When writing out the entries below, keep only the lines from the line with "Tricou cu print" to the line with "对日本政府而言,虽然出台了数", both included, exactly as they are, and leave the pictures aside.

┌─ Extracted material

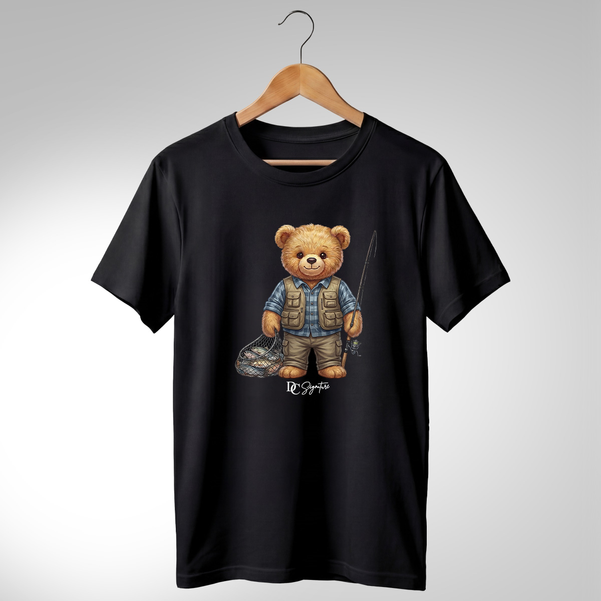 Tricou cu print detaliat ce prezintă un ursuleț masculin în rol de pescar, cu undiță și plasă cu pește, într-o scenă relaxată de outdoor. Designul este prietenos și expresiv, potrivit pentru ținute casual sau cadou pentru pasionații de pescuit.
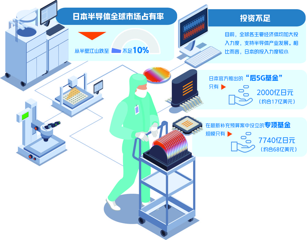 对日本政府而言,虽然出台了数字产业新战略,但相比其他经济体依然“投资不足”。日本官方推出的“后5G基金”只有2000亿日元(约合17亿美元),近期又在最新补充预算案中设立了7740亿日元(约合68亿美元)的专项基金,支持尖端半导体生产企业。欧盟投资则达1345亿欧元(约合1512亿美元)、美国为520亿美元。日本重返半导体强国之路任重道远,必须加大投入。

└─
┌─ Extracted material

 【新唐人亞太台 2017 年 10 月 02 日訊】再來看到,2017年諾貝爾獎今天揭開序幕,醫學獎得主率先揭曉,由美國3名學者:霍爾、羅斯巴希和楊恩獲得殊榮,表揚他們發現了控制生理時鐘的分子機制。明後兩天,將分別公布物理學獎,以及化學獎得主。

└─

:: Solution ::
 Tricou cu print detaliat ce prezintă un ursuleț masculin în rol de pescar, cu undiță și plasă cu pește, într-o scenă relaxată de outdoor. Designul este prietenos și expresiv, potrivit pentru ținute casual sau cadou pentru pasionații de pescuit.
 对日本政府而言,虽然出台了数字产业新战略,但相比其他经济体依然“投资不足”。日本官方推出的“后5G基金”只有2000亿日元(约合17亿美元),近期又在最新补充预算案中设立了7740亿日元(约合68亿美元)的专项基金,支持尖端半导体生产企业。欧盟投资则达1345亿欧元(约合1512亿美元)、美国为520亿美元。日本重返半导体强国之路任重道远,必须加大投入。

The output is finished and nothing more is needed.